The APXS also measured abundances of volatile elements, including sodium, potassium, and sulfur in the highland soils, and reported varied concentrations ranging from 700-2800 ppm, 300-400 ppm, and 900-1400 ppm, respectively (Fig. 1). Scientists from the Physical Research Laboratory (PRL), Ahmedabad, have made a detailed analysis of the abundances of these volatile elements. Interestingly, the concentrations of sodium and potassium at the Chandrayaan-3 landing site was found to be much lower compared that found in the soil samples from lunar highlands in earlier missions (Apollo 16 and Luna 20), while the concentration of sulfur was found to be 300-500 ppm higher than in soils from Apollo 16 and Luna 20 missions. The anomalous differences in the concentrations of these volatile elements make it important to investigate the probable source that led to their enrichment or depletion at the Chandrayaan-3 landing site.

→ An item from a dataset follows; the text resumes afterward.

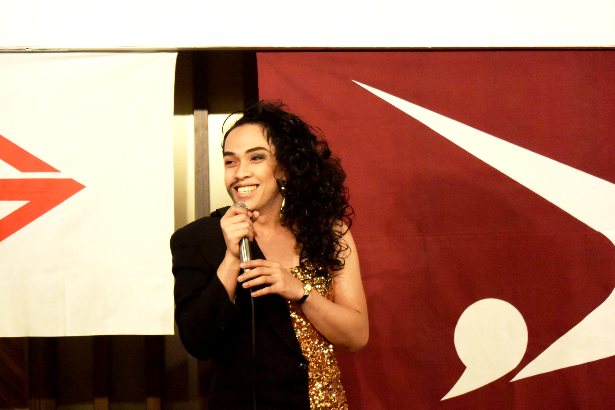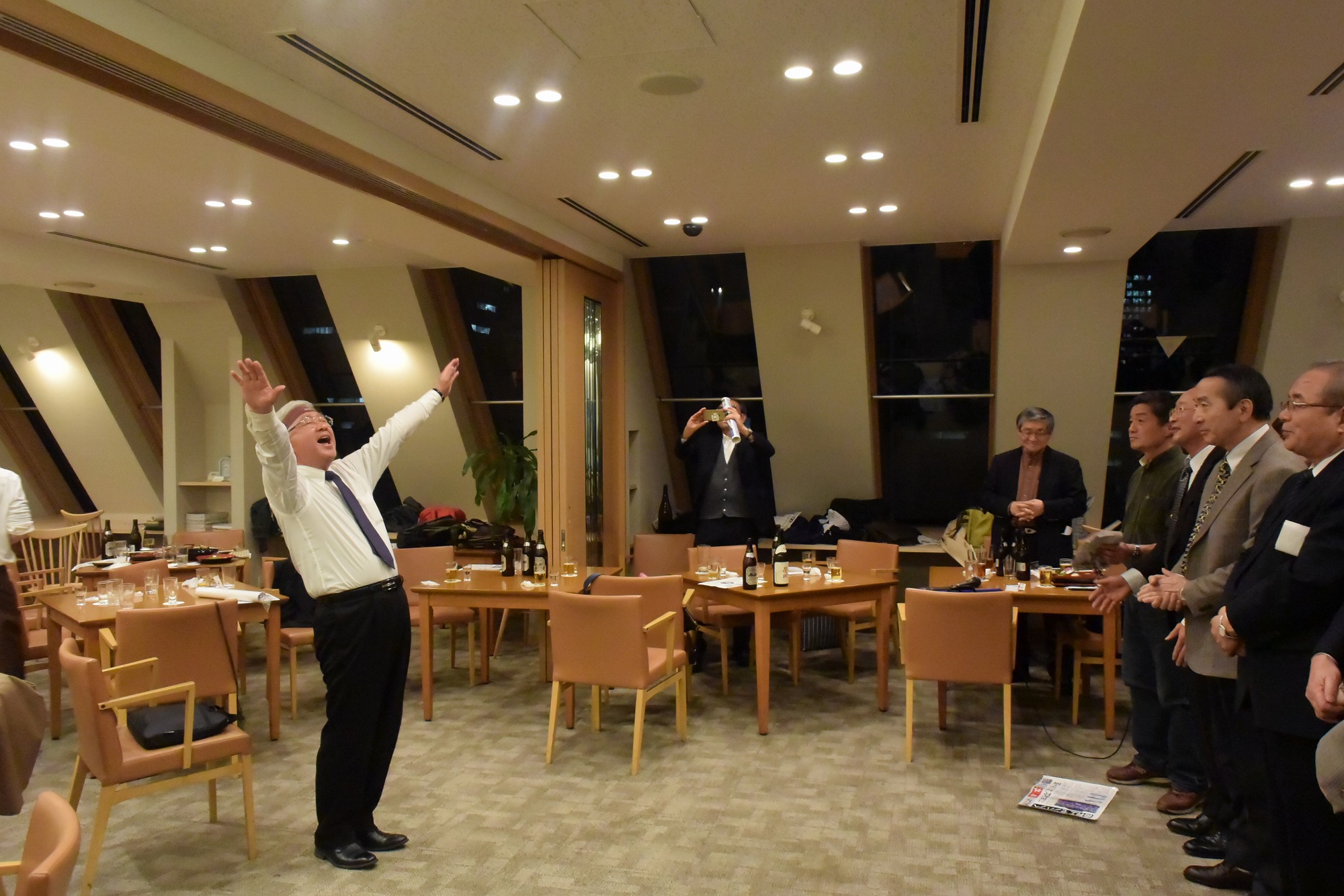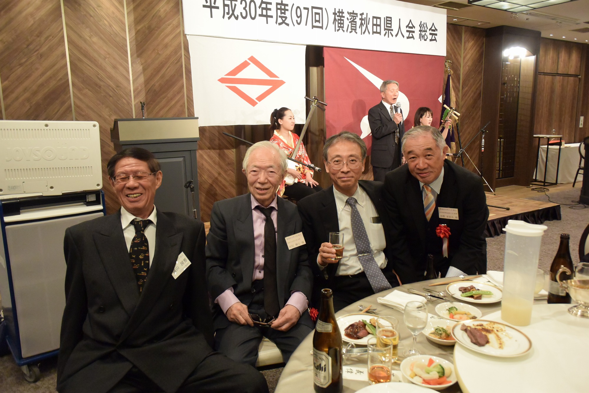 祝宴・懇談では、津軽三味線・両面(男・女)、歌手等で会場が盛り上がり、皆さんプロ並みの歌唱力でカラオケを楽しみました。山形俊男氏が「秋田おばこ・長者の山」を歌いました。

On the Moon, the Type I Carbonaceous chondrite (CC) meteorites crashing on the surface can add approximately 400-1000 ppm of sulfur to the soil (Fig. 2). But, this is still insufficient to explain the APXS measured excess of 200-400 ppm sulfur. Moreover, the surface temperature observed at the landing site ranges between 250 and 300 K, which is much higher than the volatility temperature of sulfur (Fig. 2). In this case, the cold-trapping mechanism of surface enrichment of sulfur for geologically long periods is not possible at the landing site. Therefore, there has to be another source of sulfur that increased its concentration at the landing site.

During the end of the lunar magma ocean (LMO) crystallization stages, the residual molten layer became enriched in a mineral called Troilite (FeS). The PRL scientists have proposed that the South Pole-Aitken (SPA) basin impact event at 4.3 Ga excavated this FeS from the sulfur-enriched primitive lunar mantle, while the KREEP layer was still in the process of formation (Fig. 2). The subsequent impacts on the SPA basin ejecta stirred things up, mixing sulfur-rich materials from the SPA basin with the nearby material at the landing site.

To summarize, a comparison of volatile elemental abundance data from Chandrayaan-3 soil relative to previous missions, suggests much lower amounts of sodium and potassium, but higher levels of sulfur. Such a pattern indicates that the soil at the landing site include primitive mantle material excavated by the SPA basin impact, billions of years ago. That makes the Chandrayaan-3 landing site a promising place for future missions to collect samples, particularly to study the early evolution of the Moon.

The APXS experiment was designed and developed by Physical Research Laboratory, Ahmedabad, a unit of Department of Space, Government of India. A large group of scientists and engineers from various ISRO centers has contributed in the successful planning, implementation, and execution of the Chandrayaan-3 mission.